— Я не помню... — пожаловался он Александеру.
Тот недовольно мотнул головой, отодвинул джинсы в сторону и уселся на кровать, притягивая Арека к себе и заставляя прижаться спиной к груди.
— Тихо, тихо... — шепот щекотал ухо. — Не надо было тебе отдавать...
— Надо.
— Успокойся, — объятья стали крепче. — Может, все-таки врача? Тебе плохо.
— По-моему, ты этого и добивался.
— Нет. Да. Добивался. Хотел встряхнуть. Но ты...
Одно благо — голос бывшего любовника отличался от голоса Грэга. Это не позволяло потеряться в иллюзиях. И так перед закрытыми глазами плыли и перемешивались картинки — старая квартира в Нератосе, муж стоит у шкафа, держит в руках
и рассматривает черные джинсы... Александер бросает джинсы на кровать...

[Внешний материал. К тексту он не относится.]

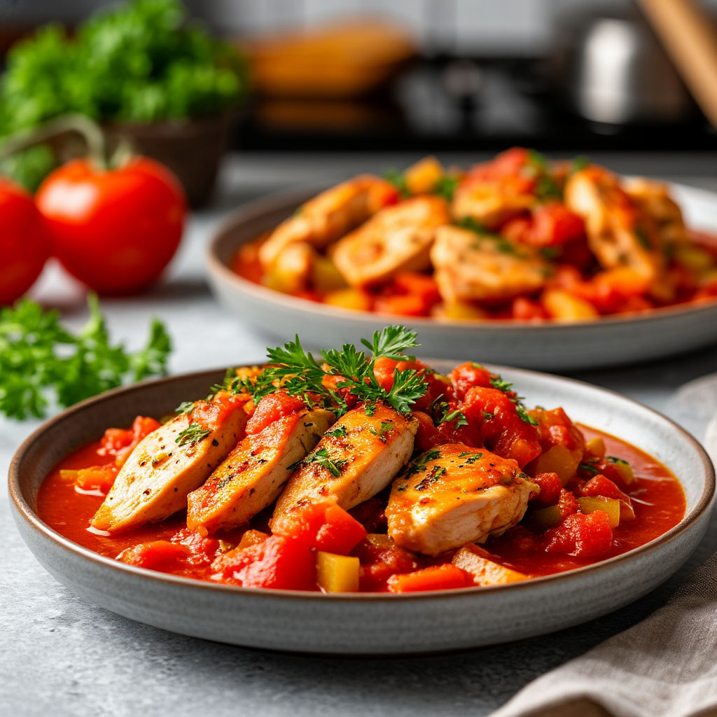 Когда хочется приготовить что-то простое, но при этом сытное и ароматное, курица, тушеная с овощами в томатном соусе, становится настоящим спасением. Это блюдо сочетает в себе нежность мяса и насыщенность свежих овощей, а томатный соус придаёт всему особую кисло-сладкую нотку, которая пробуждает аппетит и создаёт атмосферу домашнего уюта. Почему стоит выбрать курицу с овощами в томатном соусе? Это отличный вариант для тех, кто предпочитает простые и полезные ужины. Блюдо не требует много времени или сложных техник, а результат всегда радует - сочное мясо, мягкие овощи и ароматный соус. Кроме того, вы можете использовать любые сезонные овощи, что делает рецепт универсальным и подходящим для любого времени года. Курица - источник белка, а овощи добавляют витамины и клетчатку, что делает ужин сбалансированным и полезным. Томатный соус, приготовленный из натуральных ингредиентов, не только вкусен, но и богат ликопином - мощным антиоксидантом, который помогает поддерживать здоровье сердца и

— Я не помню, я пытаюсь и не могу вспомнить! Он все время ругался и запрещал мне нажимать на что-нибудь, кроме «авто-разогрева». Наверное, он пошел в супермаркет — это на первом этаже соседнего дома. Там большой отдел хозтоваров, мы там всегда все покупали — лапочки, стиральный порошок, губки, освежители воздуха... Джинсы... Я не помню! Я этих черных джинсов себе и ему вагона два, наверное, купил!
— Успокойся! Не думай!
Александер вытащил из-за спины плед, одной рукой соорудил уютный кокон, откинулся, позволяя Ареку уложить голову себе на плечо, и повторил:
— Не думай. Лежи.
Как выполнить совет, если майка с попугаем не желает исчезать из мыслей? Память подкидывает вереницы пикников, прогулок, походов в магазин — куда-то же он ее надел? Или не надевал никогда? Не думать, не думать... Он сполз чуть ниже и прислушался к равномерному стуку сердца Александера. Звук умиротворял, а теплые, живые руки удерживали на грани: не давали затеряться в образах прошлого, заставляли вернуться в сегодняшний день и убеждали — ничего непоправимого не произошло. Это не беда. Это ее отголосок. Боль и смятение пройдут, и у него останется нежданный, и от этого еще более драгоценный привет из прежней жизни. Какое счастье, что он не отдал вещи в благотворительный центр! Записку бы попросту выбросили, не побеспокоившись доставить адресату. Это же не завещание, зачем напрягаться?
— У тебя все в порядке? — ладонь погладила щеку, а большой палец осторожно очертил ресницы. — Под глазами... тень?.. ушиб?..
— Синяки, — шепотом поправил Арек, привыкший доводить кеннорийский Люксы до совершенства.
— Синяки. У тебя все в порядке?
— Нет. Но с этим ничего нельзя сделать.
— Не верю, — прошептал Александер, подтянул его выше и
обрисовал синяк уже языком. — Ты сильный. Сделаешь.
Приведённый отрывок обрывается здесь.